The webpage downloaded by Httpclient is garbled. How to solve it?

by kpkmd54461 on 2012-03-01 21:52:17

Here's the translation of your text into English:

---

I am encountering an issue where I always get garbled characters when using HttpClient to download the page from news.sohu.com. Please review the following specific analysis error details and modify the source file appropriately. I've tried several methods, but it still doesn't work. Could it be that the server on the other side is detecting and restricting HttpClient? Is there anyone with more experience who could provide some guidance?
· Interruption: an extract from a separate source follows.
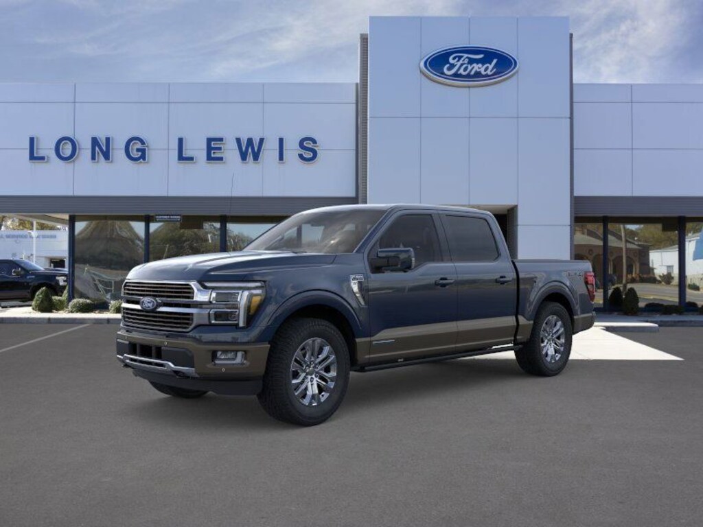 Antimatter Blue Metallic 2025 Ford F-150 King Ranch 4WD 10-Speed Automatic 3.5L PowerBoost Full-Hybrid V6 3.5L PowerBoost Full-Hybrid V6, 4WD, 14 Speakers, 4-Wheel Disc Brakes, 4x4 FX4 Off-Road Bodyside Decal, ABS brakes, Adjustable pedals, Air Conditioning, Alloy wheels, AM/FM radio: SiriusXM with 360L, Auto High-beam Headlights, Auto tilt-away steering wheel, Auto-dimming door mirrors, Auto-dimming Rear-View mirror, Automatic temperature control, Brake assist, Chrome wheels, Compass, Delay-off headlights, Driver door bin, Driver vanity mirror, Dual front impact airbags, Dual front side impact airbags, Electronic Locking w/3.55 Axle Ratio, Electronic Stability Control, Emergency communication system: SYNC 4 911 Assist, Front anti-roll bar, Front Bucket Seats, Front Center Armrest, Front dual zone A/C, Front fog lights, Front License Plate Bracket, Front reading lights, Front wheel independent suspension, Fully automatic headlights, FX4 Off-Road Package, Garage door transmitter, Genuine wood dashboard insert, Heads-Up Display, Heated door mirrors, Heated front seats, Heated rear seats, Heated steering wheel, Hill Descent Control, Illuminated entry, King Ranch Multicontour Leather Bucket Seats, Leather steering wheel, Low tire pressure warning, Max Tow Electronic Locking w/3.73 Axle Ratio, Memory seat, Monotube Rear Shocks, Navigation system: Connected Navigation, Occupant sensing airbag, Off-Road Tuned Front Shock Absorbers, Outside temperature display, Overhead airbag, Overhead console, Panic alarm, Passenger door bin, Passenger vanity mirror, Pedal memory, Power door mirrors, Power driver seat, Power moonroof, Power passenger seat, Power steering, Power windows, Radio data system, Radio: B&O Unleashed Sound System by Bang & Olufsen, Rain sensing wipers, Rear reading lights, Rear seat center armrest, Rear step bumper, Rear window defroster, Remote keyless entry, Rock Crawl Mode, Security system, Speed control, Split folding rear seat, Steering wheel memory, Steering wheel mounted audio controls, SYNC 4 w/Enhanced Voice Recognition, Tachometer, Telescoping steering wheel, Tilt steering wheel, Traction control, Trip computer, Turn signal indicator mirrors, Variably intermittent wipers, Ventilated front seats, Voltmeter, Wheels: 20" Chrome-Like PVD, 3.5L PowerBoost Full-Hybrid V6, 4WD.

The code I am using is as follows:

```java

private static final String USER_AGENT = "Mozilla/5.0 (Windows NT 5.1; rv:2.0) Gecko/20100101 Firefox/4.0";

private static final String CONTENT_CHARSET = "GBK";

public static String httpGet(String url) throws Exception {

HttpClient httpclient = new DefaultHttpClient();

httpclient.getParams().setParameter("http.protocol.content-charset", "gb2312");

try {

HttpGet httpget = new HttpGet(url);

httpget.setHeader(HTTP.USER_AGENT, USER_AGENT);

httpget.setHeader("Accept-Charset", "GB2312,utf-8;q=0.7,*;q=0.7");

ResponseHandler responseHandler = new BasicResponseHandler();

System.out.println(new String(httpclient.execute(httpget, responseHandler).getBytes(), "gb2312"));

return httpclient.execute(httpget, responseHandler);

} finally {

// When HttpClient instance is no longer needed,

// shut down the connection manager to ensure

// immediate deallocation of all system resources

httpclient.getConnectionManager().shutdown();

}

}

public static void main(String[] args) throws Exception {

httpGet("http://news.sohu.com");

}

```

The page encoding for news.sohu.com is:

---

### Solution Reference:

For reference, you can check the following link regarding the issue of garbled characters when downloading web pages or internal error codes like ORA-00600:

[How to resolve garbled characters when downloading web pages](http://www.myexception.cn/java-web/14391.html)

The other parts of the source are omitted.